Outra forma de ver a crítica de Sócrates era compreendê-la como um importante alerta: para votar, deve haver educação. A capacidade para se manifestar deve ser desenvolvida e aprimorada. O homem necessita de instrução, deve ser municiado de informação para que nele floresça um senso crítico. Sem discernimento, o povo torna-se um alvo fácil para a manipulação.
Mesmo sem uma acusação clara, Sócrates foi condenado à morte.
Antes de beber a amarga cicuta, cercado de seus discípulos, foi dado a Sócrates a opção de fugir da cidade — e, por consequência, escapar daquela condenação que a todos parecia injusta. O filósofo optou por respeitar o Estado e as suas ordens.

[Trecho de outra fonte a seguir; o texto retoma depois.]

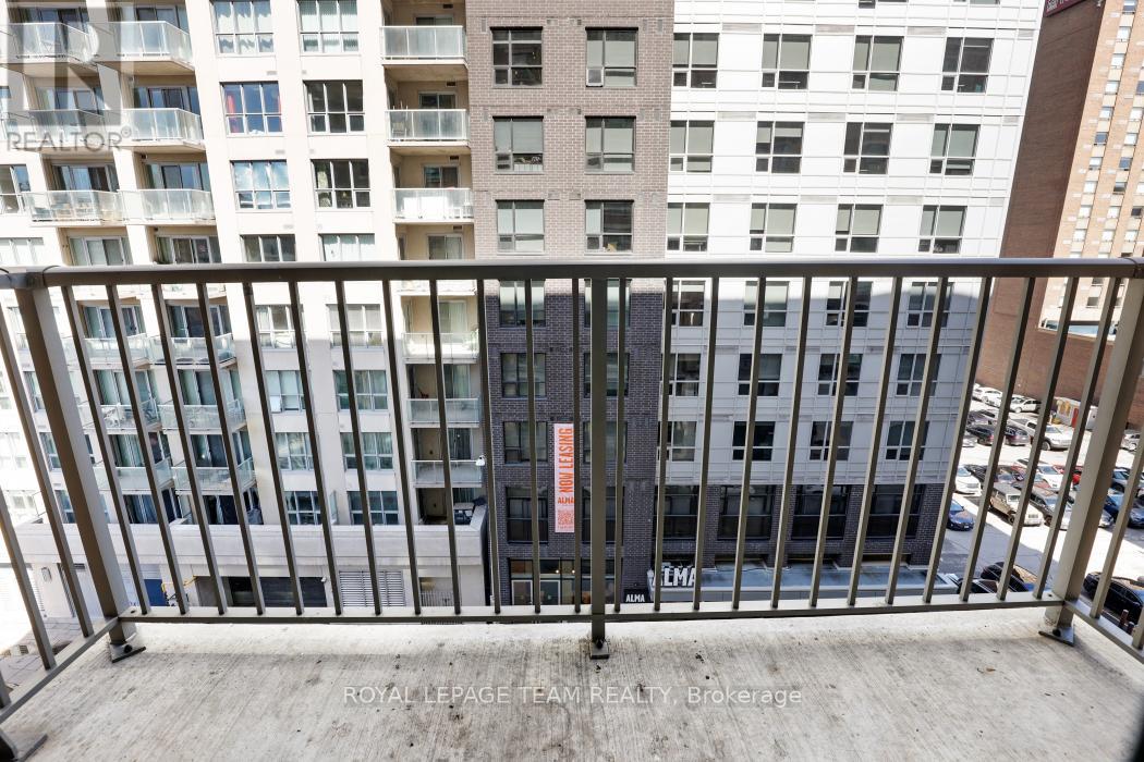 Welcome to this bright and thoughtfully designed 1 bedroom plus den condo in the heart of sought-after Sandy Hill. Featuring an open-concept layout with hardwood floors, high ceilings, and large windows, the space is filled with natural light and offers a comfortable flow for both everyday living and entertaining. The kitchen is equipped with granite countertops, ample cabinetry, and a breakfast bar overlooking the spacious living and dining area, creating an inviting and functional central living space.The enclosed den offers excellent versatility, ideal as a home office, guest room, or additional living area. The generous primary bedroom includes ample closet space and convenient access to the full bathroom. Enjoy the added convenience of in-suite laundry, a private balcony for outdoor relaxation, as well as underground parking and a storage locker.Residents benefit from fantastic building amenities including an indoor pool, fitness centre, party room, and BBQ area, providing comfort and lifestyle convenience year-round. Perfectly located just steps to the ByWard Market, Rideau Centre, LRT station, University of Ottawa, grocery stores, LCBO, cafés, and some of the city's best restaurants, with easy access to the Rideau Canal, parks and Parliament Hill. An exceptional opportunity to enjoy vibrant downtown living in one of Ottawa's most walkable and established neighbourhoods. (id:4069)
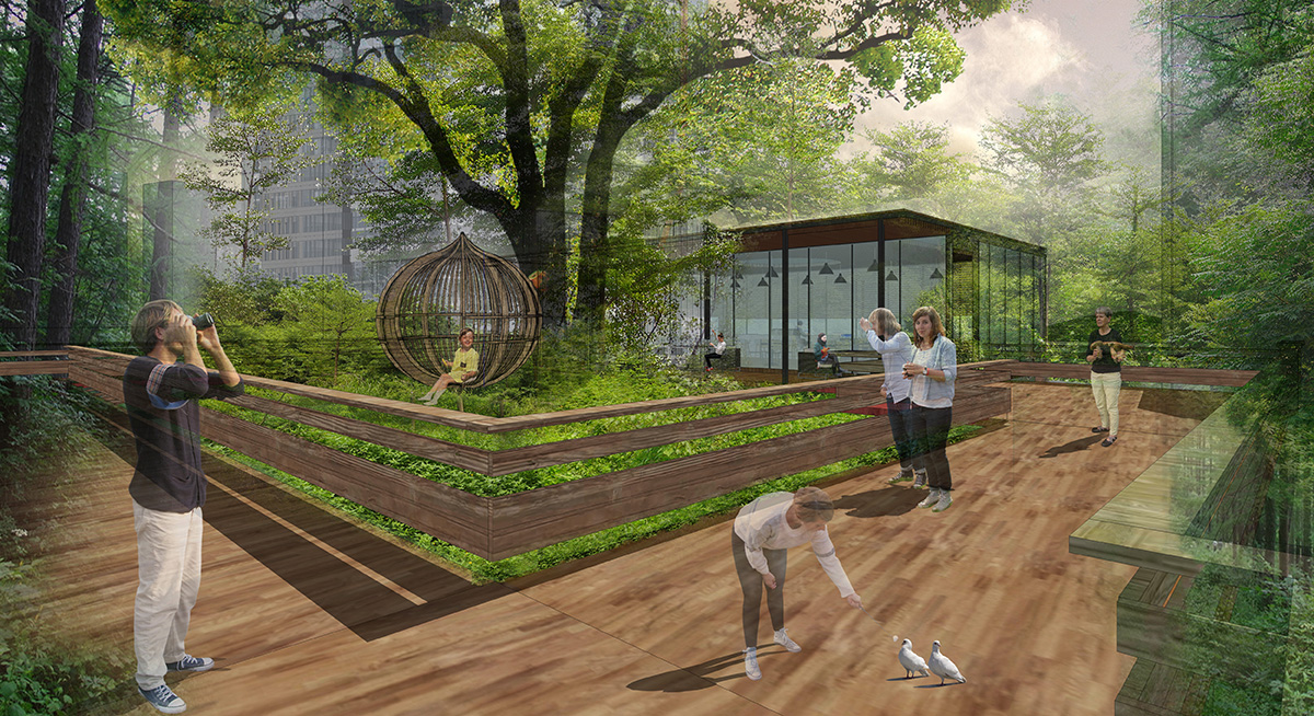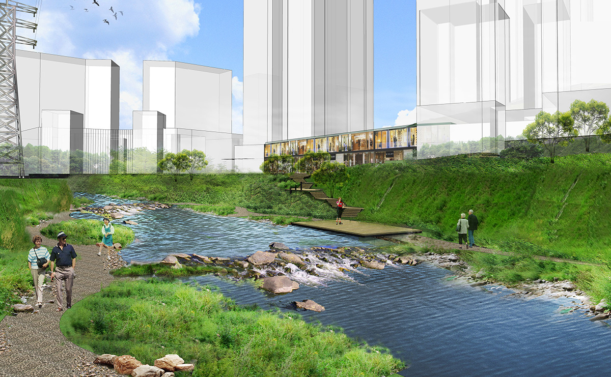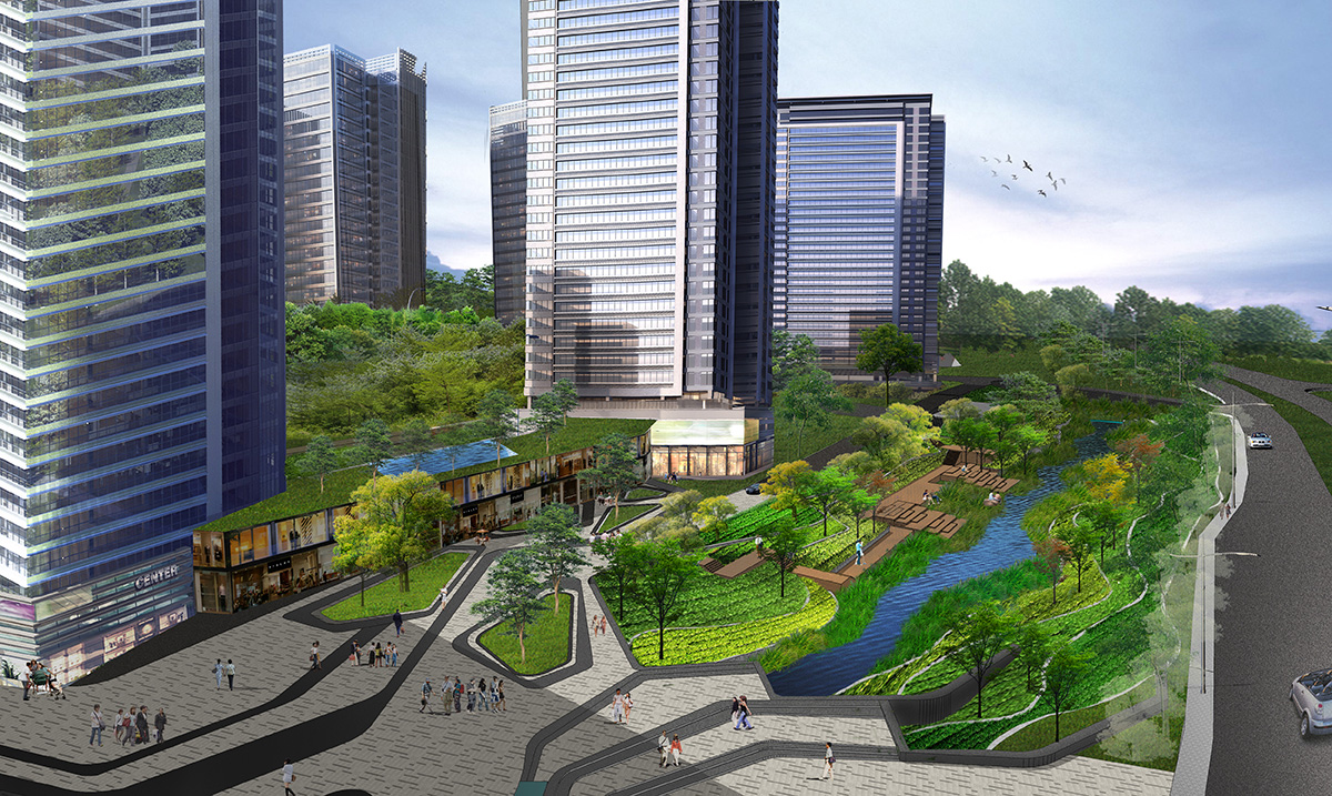 項(xiàng)目主要針對(duì)自然山體的改造與修復(fù)、處理道路與建筑之間的關(guān)系、 山體與道路之間的聯(lián)系、植物的修復(fù)與意向、河涌的整治與雨水的收集問(wèn)題,提出恢復(fù)、聯(lián)系、共生三大設(shè)計(jì)策略。最大限度的保證山體的完整性,保護(hù)原有植物,將道路設(shè)置在建筑架空層內(nèi),將建筑、山體、景觀三者聯(lián)系在一起,讓企業(yè)、商業(yè)、人與自然緊密共生。

A democracia grega morreu pouco depois de Sócrates. Atenas foi dominada pela vizinha Esparta, onde jamais floresceu a democracia, e, depois, pelos macedônios. O governo do povo, ao menos formalmente, apenas voltou a existir com a Revolução Americana de 1776. Até hoje, a democracia não é uma conquista estabelecida na civilização.
Os recentes acontecimentos políticos que paralisam o Brasil reclamam um novo julgamento para Sócrates.
Se o filósofo estivesse aqui, certamente indagaria: existe democracia sem educação? É justo usar de escudo 50 milhões de votos contra qualquer acusação? O Congresso Nacional não foi eleito também pelo povo? Por que o povo ontem votou de uma forma, mas no dia seguinte vai às ruas reclamar de seu próprio voto? As campanhas para um cargo público visam a difundir ideias ou simplesmente a arrebanhar?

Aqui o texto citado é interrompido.